Sosyal güvenlik hakkına darbe
Teklifin bir diğer vahim düzenlemesi, sosyal güvenlik hakkına ve özellikle de emeklilik hakkına darbe indirir niteliktedir. Teklifin 32’nci maddesinde, 5510 sayılı Kanun’da yapılması öngörülen değişiklik ile 25 yaşından küçük olup kısmi süreli olarak ayda 10 günden az çalışanlar işçilerin sadece iş kazası ve meslek hastalığı ile genel sağlık sigortası primlerinin (kısa vadeli sigorta primleri) ödenmesi öngörülüyor (toplam yüzde 14,5).
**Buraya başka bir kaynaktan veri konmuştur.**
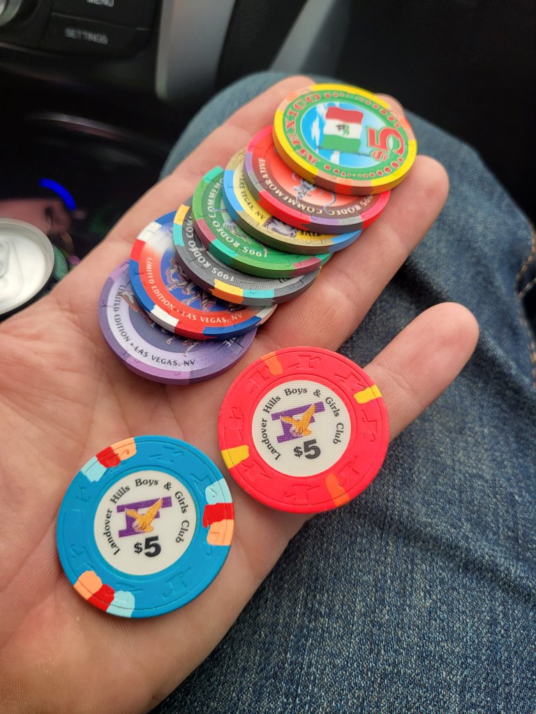 No idea why 2 different $5s or why the rest if the chips were junk plastic... but happy to have found these!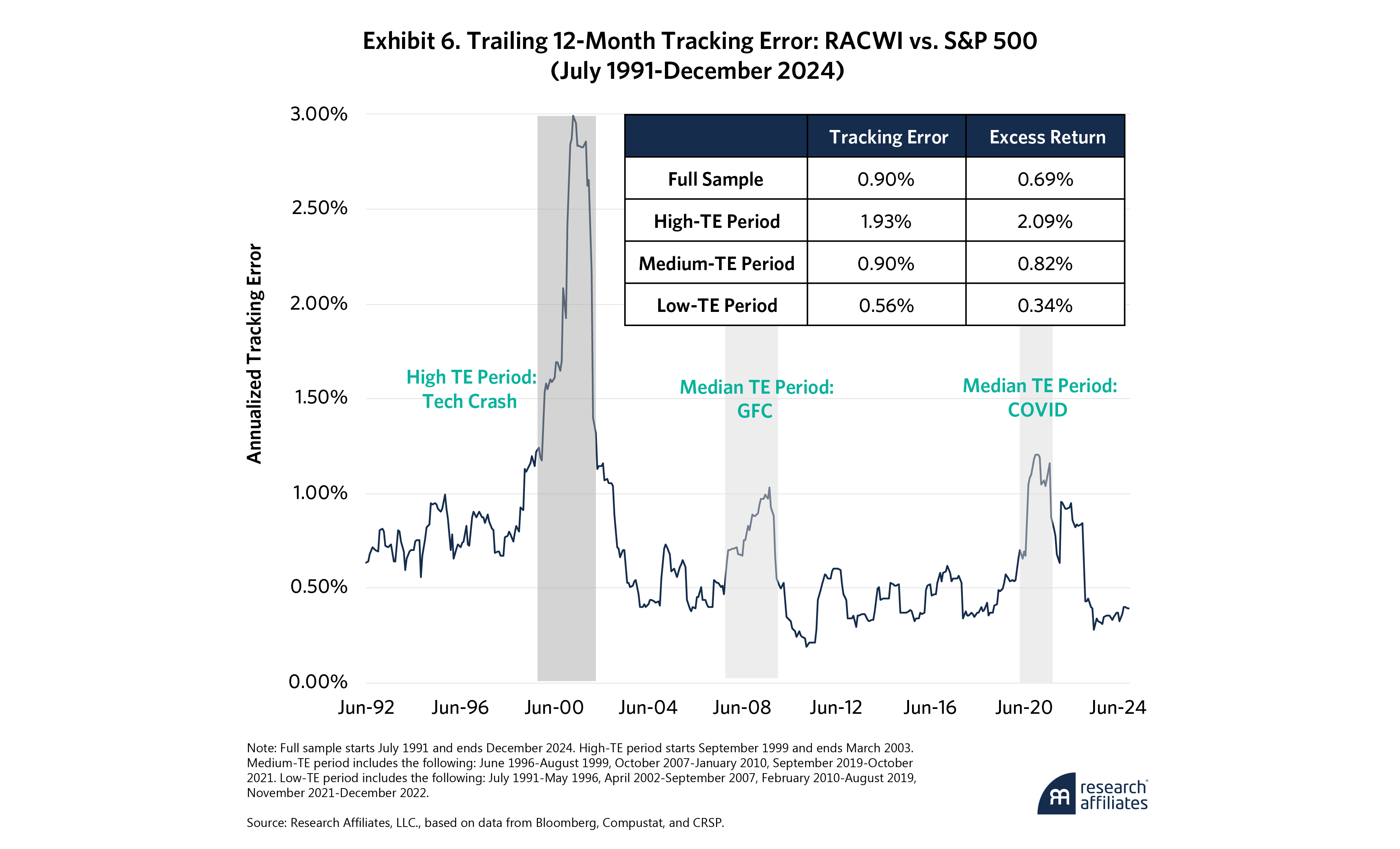 Exhibit 6 plots the trailing 12-month tracking error of RACWI US relative to the S&P 500 over more than three decades, along with a breakdown of RACWI’s excess return during different tracking-error regimes.

Bu işçiler için malullük, yaşlılık ve ölüm sigortaları primi (yüzde 20) ödenmeyecek. Diğer bir ifadeyle gençlerin kısmi çalışmaları emeklilikte dikkate alınmayacak. Teklifin gerekçesine göre böylece prim maliyeti, dolayısıyla işçilik maliyeti azaltılacak ve istihdam artacakmış!
Şaka gibi ama gerçek. Öte yandan bu kapsama giren çalışanlar isterlerse bu primleri kendileri ödeyebilecekler! Diğer bir ifadeyle gençler uzun vadeli sigorta primlerini kendileri ödemek için çalışmış olacaklar.
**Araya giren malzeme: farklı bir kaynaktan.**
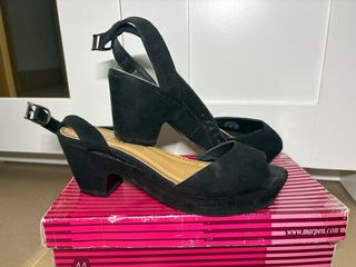 Tacones negros de la marca marypaz con diseño descubierto. - Plataforma delantera. - Tira trasera con hebilla. - Tacón grueso.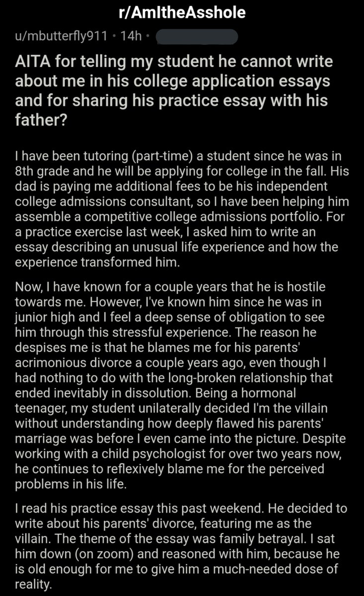 AITA for telling my student he cannot write about me in his college application essays and for sharing his practice essay with his father? https://bit.ly/3cvix0w pic.twitter.com/NGiExnsJff

Nereden baksan hukuksuzluk, haksızlık, ayrımcılık ve keyfilik! Bu öneri Anayasa’nın sosyal devlet, eşitlik ve sosyal güvenlik hakkına ilişkin hükümlerinin ihlali anlamına gelmektedir. Yaşa bağlı olarak hiç kimse temel bir haktan yoksun bırakılamaz. Sosyal güvenlik hakkı tüm çalışanların temel, evrensel ve anayasal hakkıdır.
Bu yasa paketi Truva atı gibi. İçinden zamanla başka kötülükler çıkacaktır. Kıdem tazminatı, iş güvencesi darbe alıyor. Bu teklif ile “sarı öküz” gitmek üzere!
İstihdam değil, istismar paketi!
Bu teklifi hazırlayanlar tam olarak 19’uncu yüzyılın vahşi kapitalizmine özenmiş durumdalar. Tıpkı onlar gibi işveren maliyetlerini azaltmak için her şeyi mubah görüyorlar. Bu paket istihdam değil, istismar paketidir. İstismar iki anlamı birden içerir: Birincisi bir durumu kötüye kullanma, ondan yararlanma. Bu paket salgını fırsat bilerek, ondan yararlanarak işçi haklarını budamaktadır. İstismarın diğer anlamı sömürüdür. Bu paket sömürüyü artırma paketidir. Bu paket ile işveren maliyetleri düşecek, işçi hakları daralacak ve sömürü artacaktır.
Bu paketin sadece genç ve yaşlı işçileri kapsadığı düşünülerek sendikalar ve orta yaşlı işçiler rehavete kapılmamalı. Bu yasa teklifi (paketi) çalışma yaşamında uğursuz bir kapıyı açıyor: Yaşa dayalı ayrımcılık yasal hale geliyor. Bu yasa paketi Truva atı gibidir. İçinden zamanla başka kötülükler çıkacaktır. Kıdem tazminatı, iş güvencesi darbe alıyor. Bu yasa gençleri, gelecek nesilleri ve bütün çalışanları kapsıyor aslında. Herkes ergeç 50 yaşına gelecek! Sendikalar da nasılsa kıdem tazminatını kurtardık rehavetine kapılmasın. Bu yasa teklifi ile “sarı öküz” gitmek üzere!